Moving with Rider

When the horse is no longer nervous with everything below, the group can begin walking together. The handler should walk a few yards, stop then walk again. Repeat for several days.

When the horse and rider walk without any stress, the rider may then be given the reins and the pair goes out on the lunge circle. The rider should not have any mouth contact. The horse should walk and stop several times using the same commands as without a rider. With difficult horses, a third person should take the lunge whip from the handler – if the horse gets dangerous, the handler can stop the horse with two hands.

When the horse proves that he can remain calm at the walk over several rides, we start to trot. This is done very carefully. Ask the horse to trot as he has always done. The person with the whip helps a little but when the horse needs even more encouragement. When trotting the first time, use a slightly small circle than normal for control. When the horse relaxes, increase the circle size. After one or two circles in trot, return to the walk. The rider should do anything to put the horse in trot or walk. There should be no aids from the rider – just follow the movement while being light during the first rising trot.

Many horses can be afraid when the rider posts, so some horses need the rider to sit at first. The rider’s hands should stay in contact with the horse’s neck but should not move. She only has very light contact with the reins, never trying to influence the horse at this stage.

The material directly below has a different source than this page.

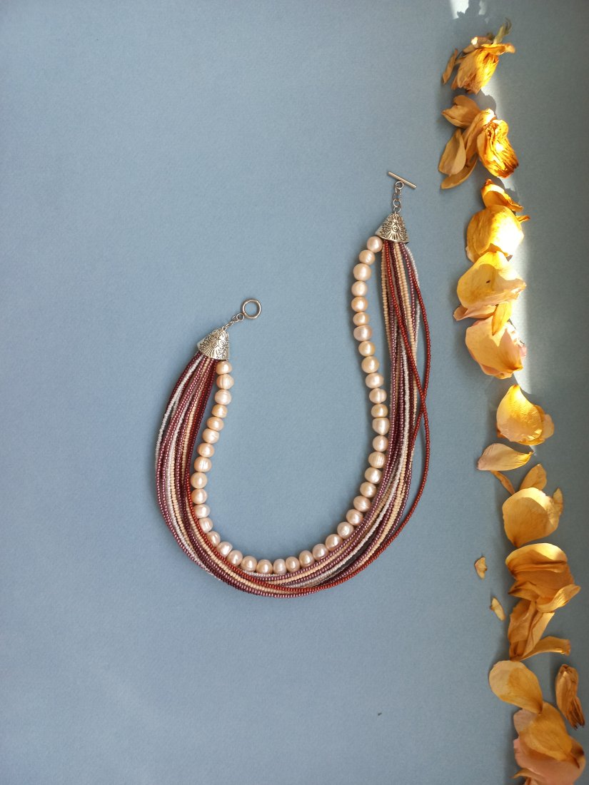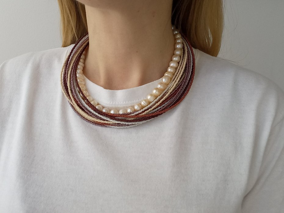 Naszyjnik wykonany z koralików i pereł naturalnych.

If the horse start to trot suddenly but puts their tail between their legs, they are fearful. It is very important for the rider to move forward with the horse while the handler slows and calms the horse.

Other horses may not want to trot with the rider on their back, so the handler may have to push them more with their voice and possibly whip from the ground. Both types of horses need a lot of transitions between walking and trotting to gain confidence.

After several days with the passive rider at the walk and trot, the canter can be introduced. Using voice commands and the whip only if necessary, ask the horse to go into a fast trot and then the horse will eventually “fall” into a canter. The rider should be light, with deep hands and follow the horse’s movement.

The handler should lunge the horse and rider in all three gaits until the horse is moving as relaxed as he does without the rider. The rider, at this time, should not be using any aids. This period is only to teach the horse that a rider is now on his back. Then and only then do we start the next step: teaching him the rider’s aids.